It starts small. You put up the odd jar of relish, quince jelly, pear and apple butter, you feel organized in that way you feel in the garden in spring—when the weeds are just starting to show, when plucking one here and there is enough to keep things tidy and every year you think: heck, this isn’t so bad, I must be getting better at being organized  [uh huh]and then suddenly there’s so much fresh food in the house it’s impossible to imagine eating it all and one day it seems entirely normal—what? what’s the problem?—to be making vats of borscht in your pyjamas at six on Sunday mornings, all day spaghetti sauces, cranberry, rum and raisin conserves before lights out; jars of pickles and marmalades taking precedence over everything, over reading. The pop of lids is both a joy to behold and annoying and your back throbs and the vinegar makes your eyes water but the good news is that should you fancy a bit of cheddar one December evening, you will be able to eat it with a green tomato and apple chutney. Not to mention a rosemary infused carrot if the mood takes you.

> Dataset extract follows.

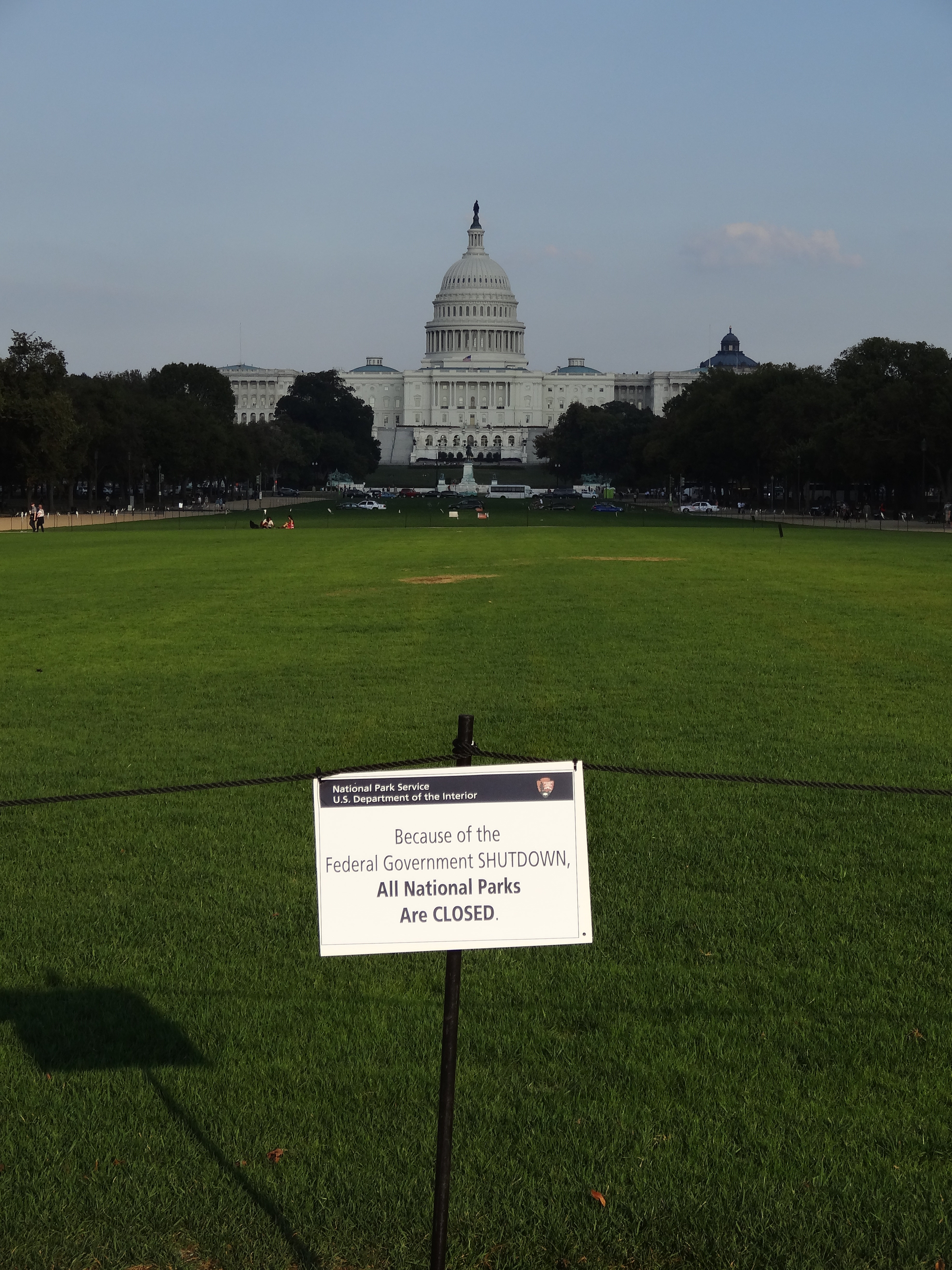 The lawn of National Mall with US Capitol in the background. The lawn was gated and closed during the US government shutdown of 2013.

And that, dear friends, is what it’s all about.

So happy harvest trails and best of the season!

(makes about 6 – 7 8oz (250 mL) jars

(from Well Preserved, by Mary Anne Dragan)

1 lemon
5 C finely chopped green tomatoes (1.2L)
2 C finely chopped apples (457 mL)
1 C finely chopped onions (240 mL)
2 cloves garlic, peeled and minced
1 C currants (240 mL)
1 C brown sugar (240 mL)
1 C cider vinegar (240 mL)
1 TBSP mustard seeds (15 mL)
1 1/2 tsp dried chili flakes (7.5 mL)
1 tsp salt (5 mL)
1 tsp ginger (5 mL)

Prepare the preserving jars.

Slice the lemon very thinly, discarding the ends and seeds. Chop very finely.

Combine all the ingredients in your preserving pot. Simmer over medium heat for 25-30 minutes, or until thickened. Stir often to prevent sticking, especially during the last 10 minutes of cooking time.

Remove from the heat. Spoon the chutney into hot, sterilized jars, leaving 1/2 inch (1.2 cm) head space. Wipe the rims clean. Seal according to manufacturer’s directions. Process the jars in a boiling water bath for 10 minutes.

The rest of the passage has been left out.